Susan grabbed the cane and hobbled as fast as her injured leg would allow. Though she needed the cane more than she liked to admit, it wasn't as awkward as swinging herself along on crutches. When she was belted in, Parkhurst turned the ignition, hit the overheads, and stomped the accelerator.

At Kelby Oliver's house, he zipped into the driveway, scattering gravel. As she climbed from the Bronco, she gritted her teeth against the pain. He took off, his gun held alongside his leg. At the screened porch, he proceeded more cautiously. She was behind him when he went into the kitchen.

Abruptly, he stopped. “Pony in the house. One down.”

Cary Black lay slumped in a corner, propped against the cabinet. The phone receiver dangled, making the beep-beep-beep noise as a reminder to hang up. The horse nuzzled Cary's cheek, then raised its head and looked at them. They did a quick run through, room by room. No one else inside. Where was Faye Turney?

Parkhurst slipped his gun back in the shoulder holster and radioed for an ambulance. Susan knelt and put her fingertips against the corner of Cary's jaw. Pulse rapid, but strong.

“Cary?” No response.

He went outside to check the area. She waited with Cary. What the hell had happened? Did someone hurt her? Was she released from the hospital too soon and had some kind of relapse? Did concussion victims have relapses? Where was the ambulance?

Five minutes later, a siren screamed its way toward the house, up the driveway and got cut in midwail. Two young males in navy blue jumpsuits came in and stopped at the sight of the horse.

“Why is there a pony in the house?”

She told him to look at the victim. “Her name is Cary Black.”

One paramedic knelt and put a stethoscope to Cary's chest, the other slapped a blood pressure cuff on her arm and pumped it up. Plastic tubing went around her neck to administer oxygen.

“Ma'am? Cary? Can you hear me?”

Cary's eyelids fluttered. “Mitch…”

“Just take it easy. Don't try to move.”

She struggled. “Mitch … fell…”

“Just relax. You had a fall.”

“Hurt … Mitch … fell … creek … help…”

Susan knelt beside her. “Did Mitch hurt you?”

“Creek … help…”

“Take it easy,” the paramedic said. “We're going to help you.” He lowered his voice and said to Susan, “We need to get her to the hospital.”

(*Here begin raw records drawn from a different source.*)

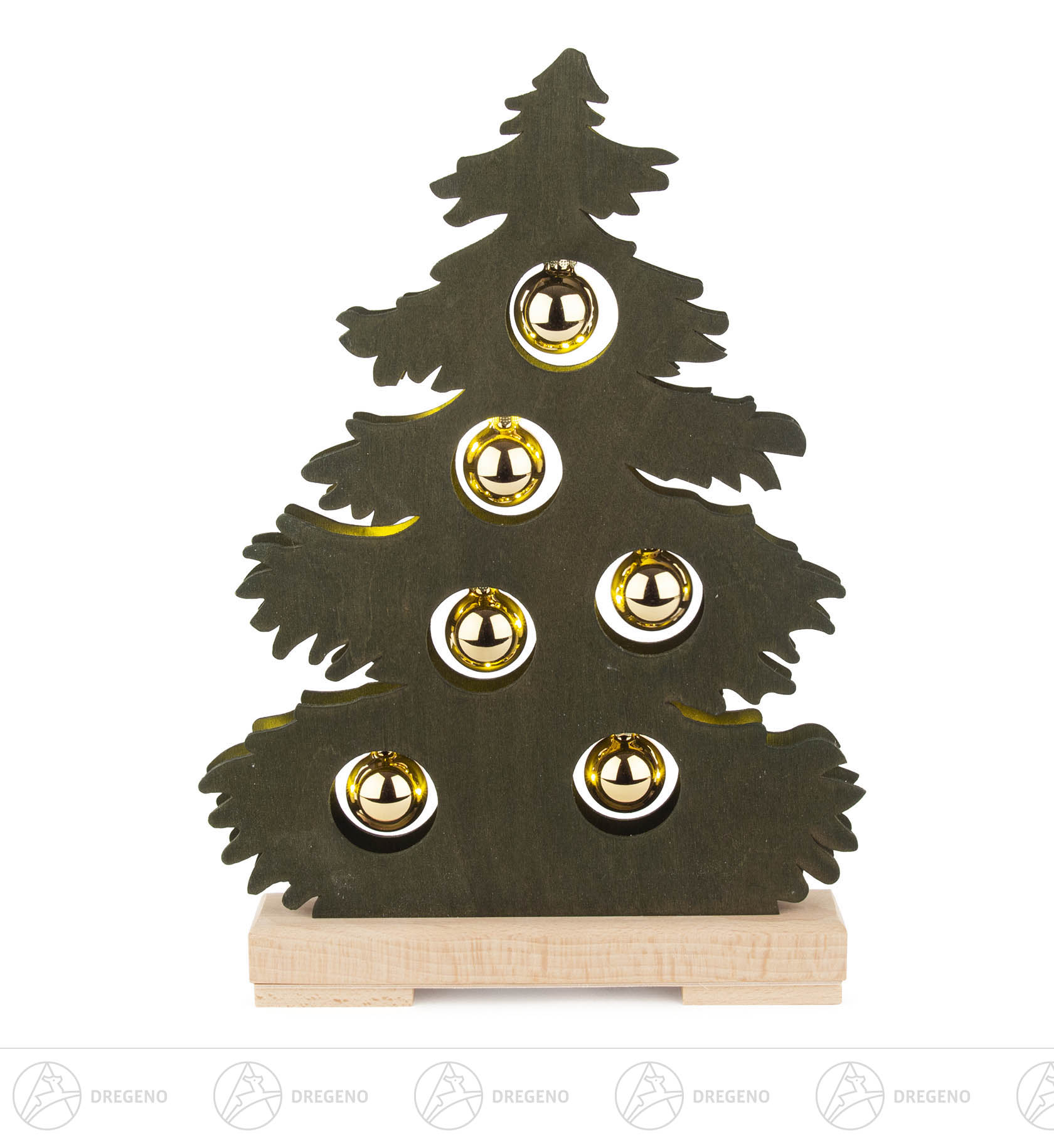 Das Fachgeschäft Volkskunst aus Seiffen präsentiert den Artikel Tanne klein,grün gebeizt,goldene Kugeln mit 10er LED-Lichterkette (USB) 33x23cm der Marke Dregeno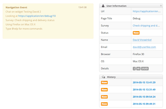 Further improved is the chat panel main view to give you quick access to the users chat history. With one blink you will see if the user is a returning chatter with a chat history that might hold interesting information that will help during the current session.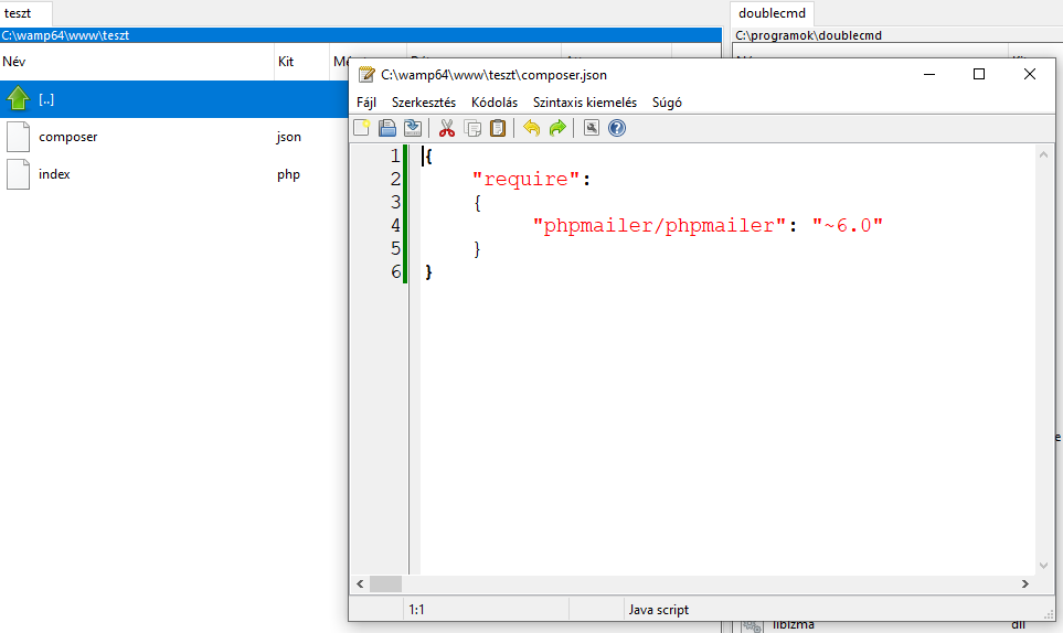 A telepítés után a weboldal mappájába hozz létre egy composer.json fájlt.

Cary clutched Susan's hand. “Creek. Help him.”

The paramedics loaded Cary on the gurney and rolled her out to the waiting ambulance. Susan, one hand on Ginger's halter, led the horse out and to the barn.

She was headed back to the house when Parkhurst trotted up. “Did you see a creek?”

“I saw a bridge and heard water trickle.”

“Cary was saying her husband fell in the creek.”

He handed her his flashlight and went to the Bronco for another one. “Take it easy.” He shined his light on the uneven stone path. “Good place to twist an ankle.”

He took off. She followed more slowly.

“Somebody's in the water!” he called a moment later.

Carefully, she made her way to the edge of the bridge, shined her light down at the water, then up at the underside of the bridge. Old wooden bridge, but she couldn't tell much more. Too dark.

Parkhurst clambered down the bank and splashed over to the body that was facedown in the water. Mitch Black, Susan assumed.

Placing his flashlight on a rock, Parkhurst squatted beside whoever it was. She dropped her cane and picked her way down to the creek, grabbing at low-growing vegetation to keep from falling. When she reached the water's edge, Parkhurst was doing chest compressions. She waded toward him. The water wasn't deep, only five or six inches. She took over the chest compressions to give him a rest.

He shined his light on the victim's face and then out over the creek and along the bank. “Another ambulance on the way. But…” He shook his head, then resumed CPR. She went back to the house to show the paramedics where to go.

*   *   *

Cary Black was admitted to the hospital for observation and it was the following afternoon, Sunday, before Susan was allowed to question her. Cary explained why she was running and hiding, told of the bus ride, getting to Hampstead, Kelby missing. “I didn't know what to do. If I went to the police Mitch would find out where I was.”

“You assumed her name.”

“I didn't intend to, it just happened.” Cary explained her need for books and getting a library card in Kelby's name, getting the job of taking care of Dr. Farley. She asked about Ginger.

Susan assured her Ginger was fine. Ronny Wells had the horse at the ranch. Susan asked about Faye Turney and Cary said Faye had decided to leave early.

“Mitch?” Cary said.

 

45

On Monday morning, feeling very much an intruder, Susan slipped into the small room where Jen's mom waited with her new husband, Jen's dad, a social worker, and a nurse. The result of Jen's latest cerebral flow study showed no blood flow to the brain. She was pronounced brain dead. Terry made the agonizing decision to remove all life support keeping her daughter alive. “You were her friend,” Terry said to Susan. “She'd want you here.”

Susan wanted to be anywhere else in the world. She expected Terry to fall apart, sob and scream about the unfairness and how she couldn't go on without her daughter, but when she was pushed against it, Terry came through with dignity. Pale, hands clasped so tightly the knuckles were white, her eyes were dry and her voice quiet.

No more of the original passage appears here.